PCST also observed that the highest concentration of microcephaly cases are found in the poorest areas of northeastern Brazil. These areas, "with intermittent water supply, led these communities to store water at home in an unsafe manner, due to the inadequate protection of tanks intended for human consumption" leading to very favorable conditions for the Aedes mosquito.

While the Internet is abound with a number of possible theories on the origin of the virus—genetically modified mosquitoes, for one—the World Health Organization (WHO) has been careful to not explicitly link Zika to microcephaly.

"Although a causal link between Zika infection in pregnancy and microcephaly has not, and I must emphasize, has not been established, the circumstantial evidence is suggestive and extremely worrisome," WHO General Director Margaret Chan announced last month.

Zika-related microcephaly can be difficult to confirm.

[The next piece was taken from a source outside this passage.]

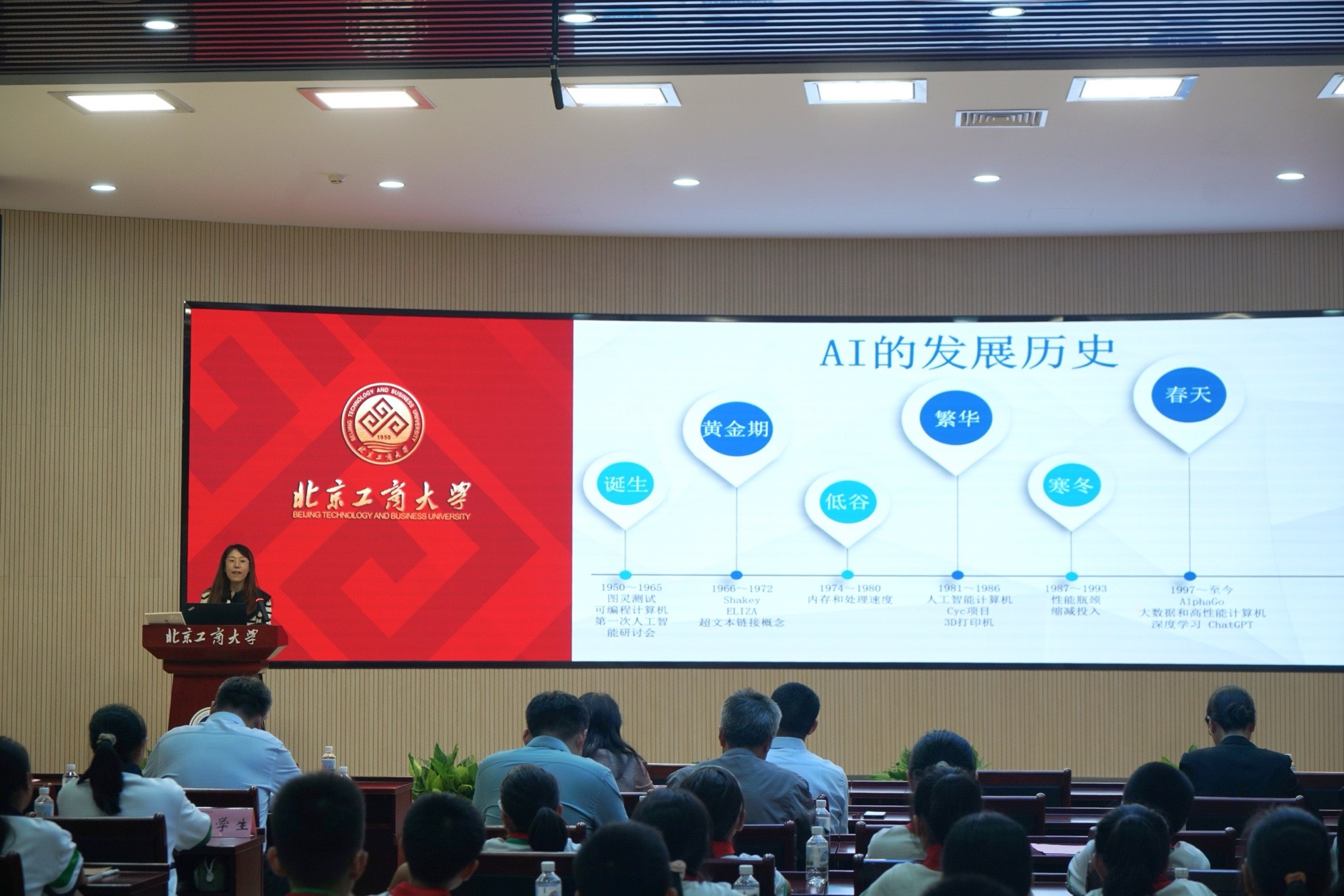 北京市教委二級巡視員張曉玲,房山區(qū)政府副區(qū)長陳仲秋,房山區(qū)委教育工委副書記、區(qū)教委主任于海俠,中國食品科學技術學會秘書長陳錚,中國計算機學會科普工委執(zhí)委劉延嘉,北京工商大學黨委副書記、校長郭建華,北京工商大學黨委常委、副校長寇紅江,以及房山區(qū)六所中小學校長共同出席儀式。

The Washington Post reported last month that after experts scrutinized 732 of the cases out 4,180 cases of Zika-related microcephaly, they found more than half either weren’t microcephaly or weren't even related to Zika at all. In fact, according to the ministry bulletin, just 270 were confirmed as microcephaly that appears to be linked to Zika or other infectious diseases.

However, as PBS's Frontline reported last week, Pernambuco researchers have identified clear evidence of the microcephaly-Zika link. According to the report, "researchers here tested the spinal fluid of 12 babies with microcephaly, all of whom were born to mothers who reported having symptoms of Zika early in their pregnancies. In all 12 cases, the researchers found evidence of Zika."

Secretary of Vigilance and Health Luciana Albuquerque said in a press conference at the Pernambuco Health Department that “this is not a scientific study,” noting that the results do not indicate a definitive causal link but added, “it’s a very important suggestion of the link.”

The WHO officially declared Zika a global health emergency and officials are carefully monitoring the spread. Researchers are also currently racing to develop a vaccine.